The U.S. has mined more that 225 million tons of uranium since 1945. It was used to build and test atomic bombs that assured national security, or possibly applied to domestic construction processes such as building dams or highways, according to Fox. It was not just a few detonated bombs, but 100 atmospheric tests between 1945 and 1962, when the atmospheric test ban put a halt to surface explosions. Since then the U.S. has test-detonated 900 underground nuclear weapons.
Fox told the Free Press that she wrote “Downwind” in this multi-layered format in order to place the stories in a verifiable perspective, “to document the shift in people’s consciousness that had clearly taken place.”
“They felt betrayed after learning that government had actively concealed the risks of radiation from nuclear weapons development and uranium extraction.
“It should be the burden of the industry to prove that these consequences are not related, not the burden of the victim to prove that they are.”
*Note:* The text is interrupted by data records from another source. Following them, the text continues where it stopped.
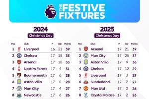 體育資訊12月25日訊 西方傳統(tǒng)節(jié)日圣誕節(jié)之際,英超官方曬圖對本賽季和上賽季的節(jié)禮日積分榜進行了對比。
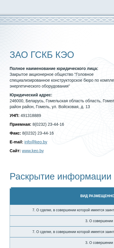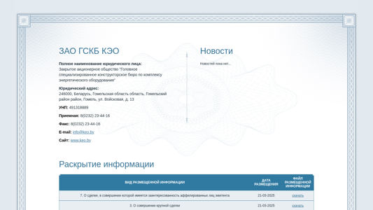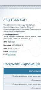 This website is for the "Головное специализированное конструкторское бюро по комплексу энергетического оборудования" (GSKB KEO), a closed joint-stock company registered in Belarus. The company's legal address is in the city of Homel, on Voiskova Street. The website provides access to information on major deals and the formation of shareholder registers, some of which involve affiliated parties. Users can access a personal cabinet using an email address and password. The website was developed by epfr.by.
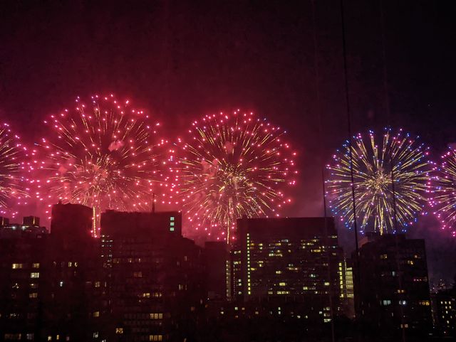 7月4日独立記念日の花火大会 ニューヨーカーが楽しみにしていた独立記念日の花火大会も無事に終わった。花火の下で宗教や人種の違いを忘れニューヨーカーは今年もこの花火を見れたことに感謝した
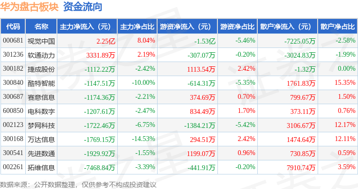 从资金流向上来看,当日华为盘古板块主力资金净流入8346.79万元,游资资金净流出1.43亿元,散户资金净流入5906.32万元。华为盘古板块个股资金流向见下表:

Each carefully detailed geographical, political and human facet of the nuclear-testing and extraction program presents the grim future. “…cancers and illnesses will continue to manifest in the bodies of ordinary people erasing the supposed boundaries between soldier and civilian,” says Fox, “making us all survivors and potential victims of a war we thought had ended.”
The stories in Fox’s book are border crossers. They layer over nations and politics, linking the betrayal of ordinary people to the blatant marketing campaigns designed to persuade citizens of the need for nuclear development.
“I tried really hard to preserve these stories as respectfully as they were shared with me,” to carefully preserve the conversations about nuclear energy, she said. “Over time the stories begin to fade into the background. Nuclear activism wanes and rises in the public interest. My grandest ambition is to know that people are talking about this today, that they haven’t forgotten.”